L’Exploration de l’Afrique, une entreprise très littéraire [3/6]
Jean de la Guérivière
Les explorateurs
décrivirent des « naturels » divers, ceux qu’ils rencontraient sur leur
route, concédant au passage que « dans le nombre, se trouvent des individus
très beaux » (Stanley au bord du lac Victoria), mais ils ne s’attardaient
généralement pas, ils avançaient avec une idée précise : retrouver les
cannibales, les amazones ou les pygmées qui peuplaient l’imaginaire occidental
depuis l’Antiquité. L’Allemand Georg Schweinfurth mit toute son énergie à
découvrir les derniers survivants de la race naine dont la mythologie grecque
racontait les combats contre les grues.

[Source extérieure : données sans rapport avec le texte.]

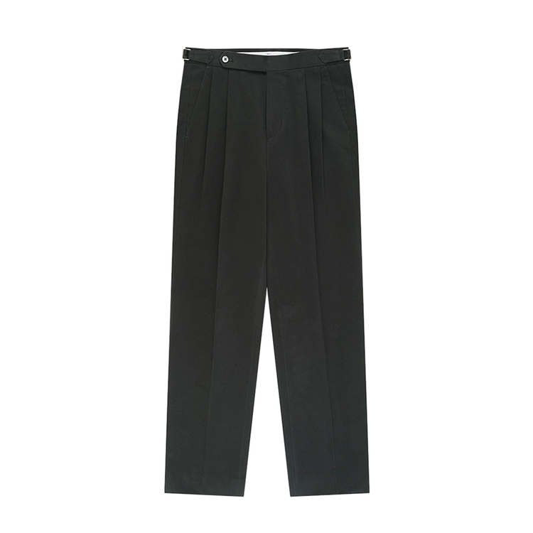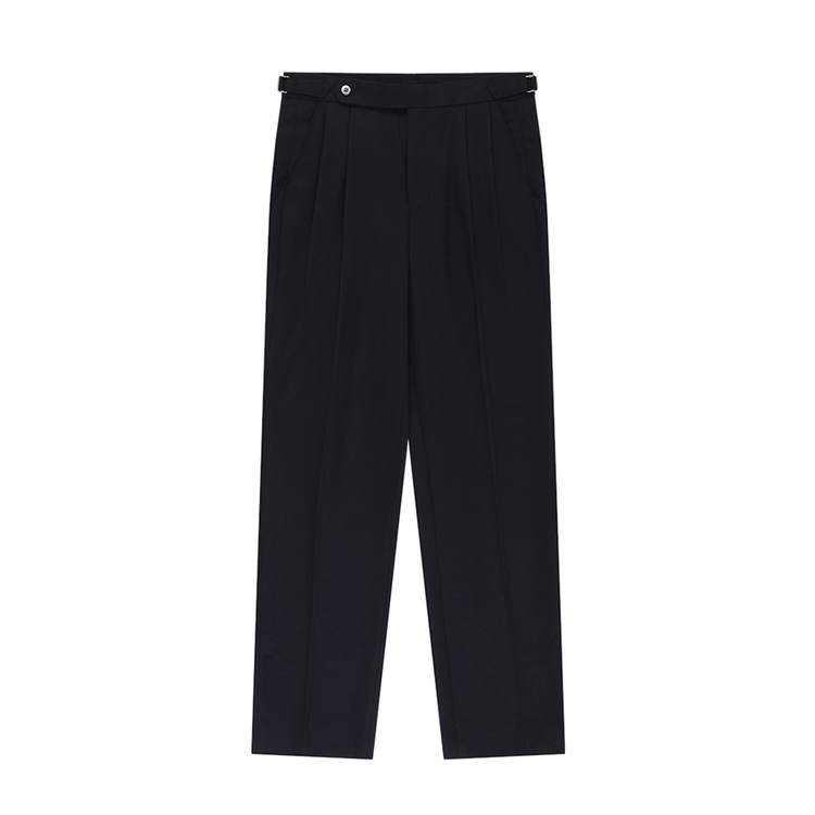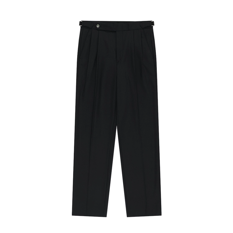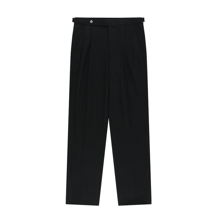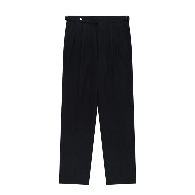 Wool Gabardine adjust Double-Pleated relaxed Trouser (Black)
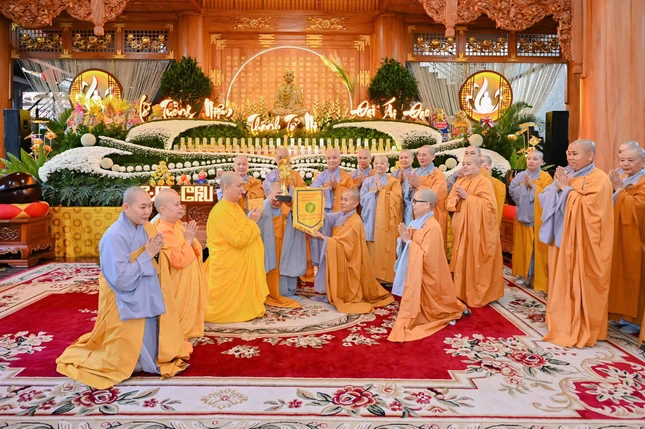 Cờ luân lưu được trao lại cho đơn vị Phân ban Ni giới TP.Phú Mỹ, là đơn vị sẽ tổ chức Lễ tưởng niệm Đức Thánh Tổ Ni Đại Ái Đạo vào năm 2026.
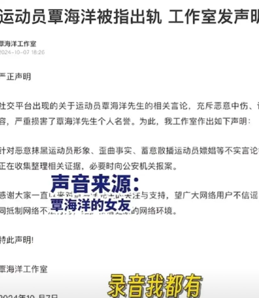 运动员覃海洋被女友曝光PC 据说其女友为他花了不少钱 在男女朋友期间 被女友企业家曝光出轨 而覃海洋工作室却声明不实是谣言 必要时会报J 而企业家女友却放话 去报案吧去取证吧 反正手里有他pc证据还有录音 到底谁是谁非 调查一下不就清楚了吗 还他一个清白呗
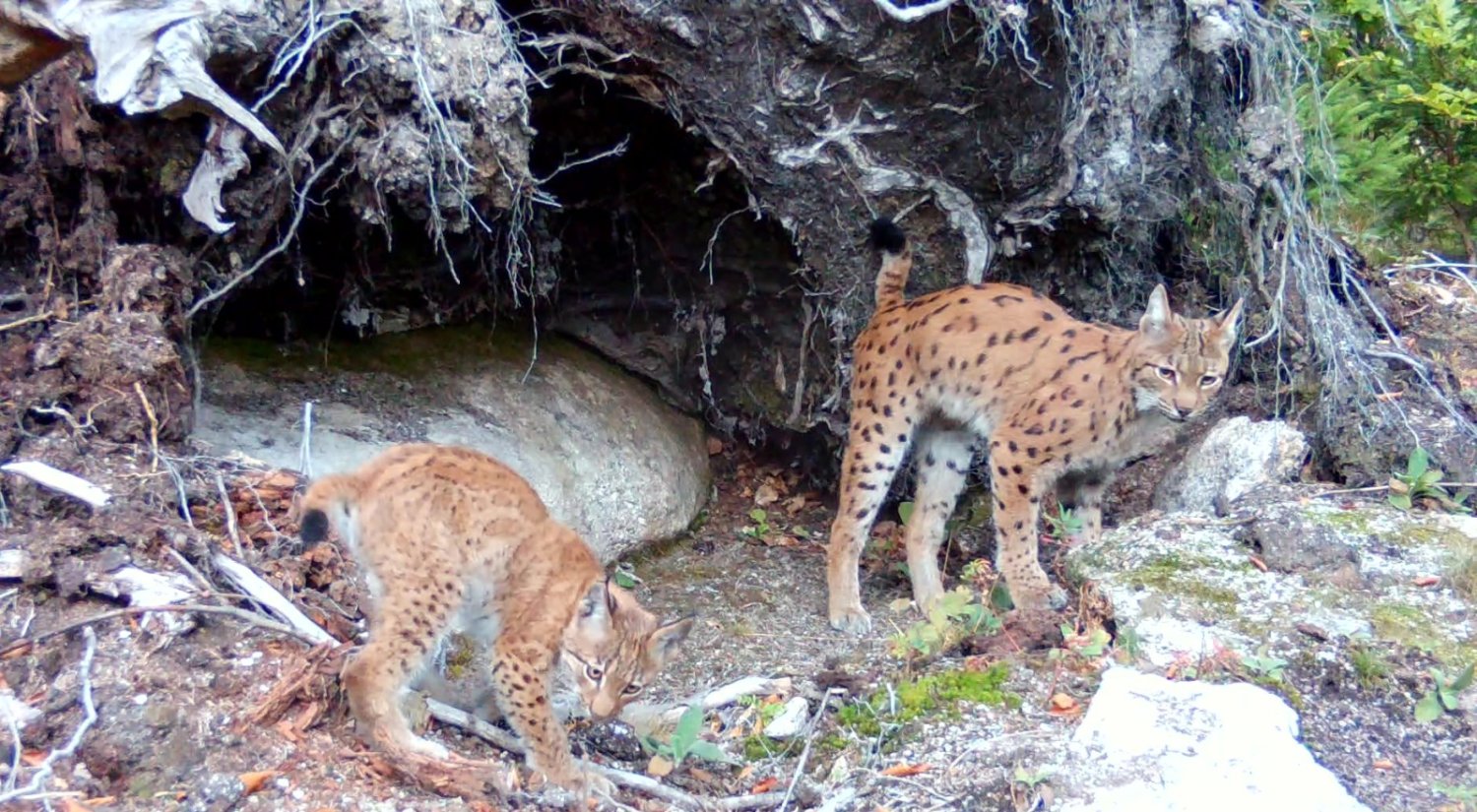 From the outset, Chapo, a male lynx from Nuremberg Zoo who was also released into the wild in 2024, was considered a possible father. At the end of the mating season, in early April 2025, so-called point locations transmitted by GPS collar transmitters revealed that both lynxes had spent three days together in Alva's territory. This was a very late date for a meeting, as the mating season for lynxes only lasts until April. Due to the young age of the male lynx, which was only two years old at the time of mating, it was not initially possible to assume with certainty that reproduction had been successful. Male lynxes usually reach sexual maturity at the age of three, while female lynxes reach it at the age of two.

Quand un de ses accompagnateurs
africains capture enfin un Akka, d’une tribu pygmée, « étrange petit
créature dont la tête s’agite convulsivement et qui jette partout des regards
pleins d’effroi », Schweinfurth cède peu à la compassion. Il triomphe
plutôt : « J’ai enfin sous les yeux une incarnation vivante de ce mythe qui
date de milliers d’années » (Au cœur de l’Afrique. Voyages et découvertes
dans les régions inexplorées de l’Afrique centrale, 1875).
Premier des
grands récits d’exploration au sud du Sahara par un Français, le Journal d’un
voyage à Tombouctou de René Caillié (1830) est un bel exemple d’itinéraire
choisi au moins autant pour son atmosphère onirique que pour son intérêt
scientifique. Il y a un côté voyage initiatique dans la lente progression de
Caillié à partir de la Guinée, son arrivée devant la cité fabuleuse, puis son
retour par le Sahara.. Bien qu’il ait eu l’honnêteté d’exprimer sa relative
déception, Caillié ne découragea pas les vocations chez tous ceux que
fascinaient le point de rencontre des peuples arabo-berbères et noirs
africains, le centre du commerce caravanier où s’échangeaient l’or et les
esclaves. Après lui, l’Allemand Heinrich Barth pataugera longtemps dans les
marécages du fleuve Niger, ce qu’il appelle la « Nigritie », pour voir
enfin Tombouctou de ses propres yeux en 1853.